Notre-Dame: un chantier essentiel pour les entreprises du patrimoine
Charpente, pierre de taille, ferronnerie: pour les entreprises de la restauration d'édifices, le chantier de la cathédrale Notre-Dame de Paris permet de recruter, de préserver le savoir-faire et renforce le rayonnement - en France et parfois à l'étranger.
"Nous avons besoin de chantiers au quotidien pour pouvoir transmettre nos savoir-faire, pour qu'ils ne s'éteignent pas", résume à l'AFP Richard Boyer, coprésident du groupement des entreprises de restauration des monuments historiques. Sinon, "c'est un peu comme un pianiste qui ne fait pas de gammes".
"Il n'y a pas de maintien de savoir-faire sans travaux de restauration", insiste aussi François Asselin, patron d'une entreprise de menuiserie et de charpente, spécialisée dans la restauration de monuments historiques, qui participe au chantier de Notre-Dame.
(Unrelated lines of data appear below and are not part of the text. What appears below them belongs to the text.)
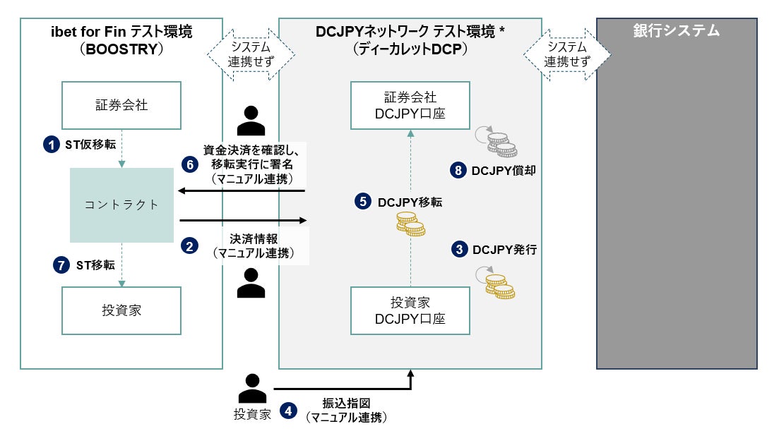 - BOOSTRYがDVP決済用に用意したシステムは、銀行口座による伝統的な法定通貨決済だけでなく、ディーカレットDCPが提供するDCJPY決済においても汎用的な利用が可能であることをテスト環境で疑似的に確認し、他の事例にも適用可能なデジタル債DVP決済の標準的スキームの一つとして立証
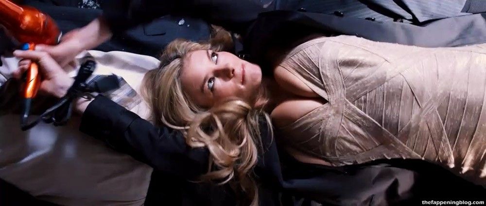 Supermodel Marisa Miller shows a lot of cleavage in a low-cut beige dress, as she’s lying on the ground. Then she grabs hold of a hairdryer which is trying to drag her away, as some guys stare down at her on the ground.
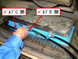 バルブCからはチャック内に残留した加工液・スラッジを排出します。
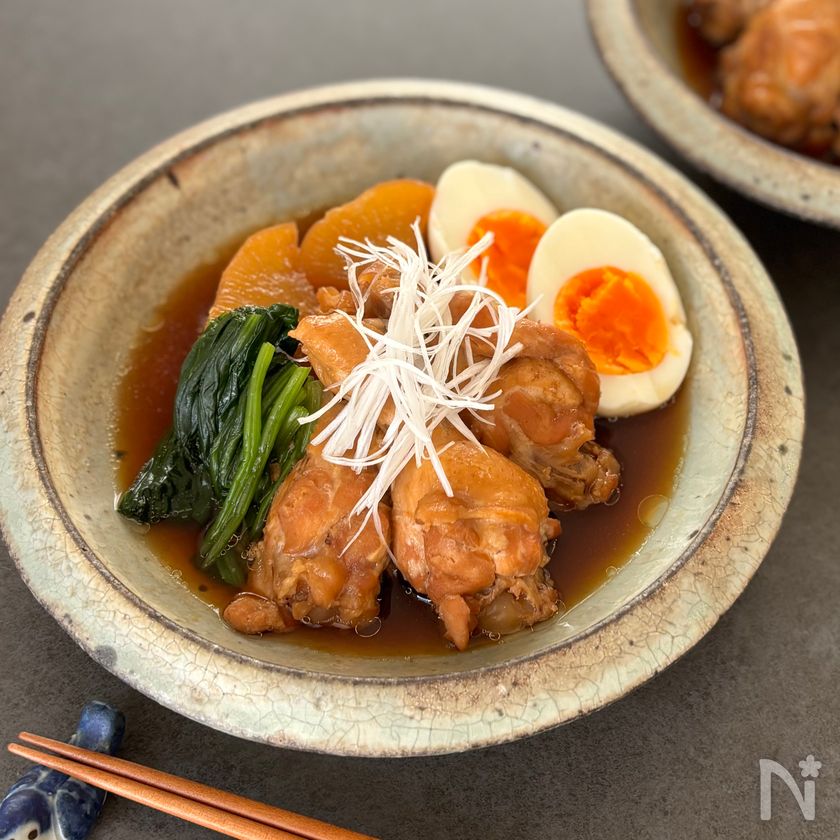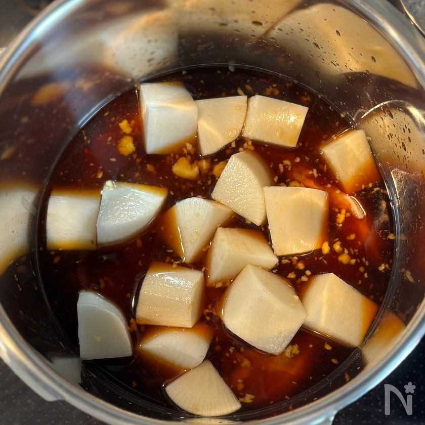 (2) 圧力鍋に手羽元、大根の順に入れ、【A】を入れる。

Une fois perdu, il serait "très compliqué" de le retrouver, juge M. Asselin, également président de la confédération des petites et moyennes entreprises (CPME). Et dans un tel cas, la restauration ne se serait sans doute pas faite à l'identique, mais avec des "techniques industrielles".
En France, un chantier comme celui de la cathédrale emblématique de la capitale - fondé sur la rénovation à l'identique de la charpente et de la flèche avec des matériaux d'origine - est devenu "un aspirateur à talents", souligne-t-il.
Pour les apprentis, "c'est l'occasion rêvée de bien les former sur les techniques de restauration du patrimoine", en conditions réelles.
- Rayonnement international -
Cet incendie "a permis de mettre un éclairage très particulier sur les métiers de la restauration" et "nous a permis d'être beaucoup plus attractifs auprès des jeunes, qui ont vu dans les métiers du patrimoine un débouché", dit M. Asselin.
Il souligne que "le savoir-faire (de ces artisans) rayonne bien au-delà de la France". "Quand je fais une tournée aux États-Unis, je peux vous dire que tous les clients que je connais ne me demandent qu'une chose: +parle-moi de Notre-Dame!+"
Les exportations vers les États-Unis, notamment de menuiseries "à la française", représentent quelque 20% de l'activité de la société Asselin, qui a remporté l'appel d'offres pour la reconstruction de la charpente en chêne de la flèche de Viollet-le-Duc avec les entreprises Le Bras Frères, Cruard Charpente et MdB Métiers du Bois.
En proposant ses services à l'étranger, "c'est quelque part le restaurateur de Notre-Dame" qui "vend son savoir-faire", un message qui est "très puissant", insiste le chef d'entreprise.
Sur le marché résidentiel haut de gamme américain, "ce qui fait qu'on arrive à se positionner, c'est tout simplement que nos clients là-bas sont sensibles à notre culture", explique François Asselin. "C'est un soft power formidable qu'il faut cultiver."
- "Continuité politique" -
De son côté, si Richard Boyer voit des marchés "quasi exclusivement sur le territoire national", "on est effectivement, très fier d'avoir sur notre carte de visite ce type d'opération": "Participer à un chantier avec un tel rayonnement vous permet de capitaliser ensuite, pour les appels d'offres qui vont suivre", explique-t-il.
A condition qu'il y ait de la demande: il faut surtout "une sorte de permanence et de continuité dans la politique de restauration des monuments historiques" car "on n'est pas une variable d'ajustement" budgétaire, affirme-t-il.
Pour François Asselin, il est primordial de "continuer" à dépenser pour le patrimoine malgré la "dette abyssale" française et malgré le défi que cela représente pour les particuliers qui souhaitent faire rénover un édifice d'intérêt pour le patrimoine.
Il insiste sur l'impact des dispositifs d'aide à la rénovation, comme ceux de la Fondation du patrimoine, qui peuvent contribuer à la sauvegarde du patrimoine français via du financement participatif et du mécénat d'entreprise.
"Le marché de la restauration du patrimoine est très dépendant, de façon directe ou indirecte, d'une volonté de l'État", juge François Asselin.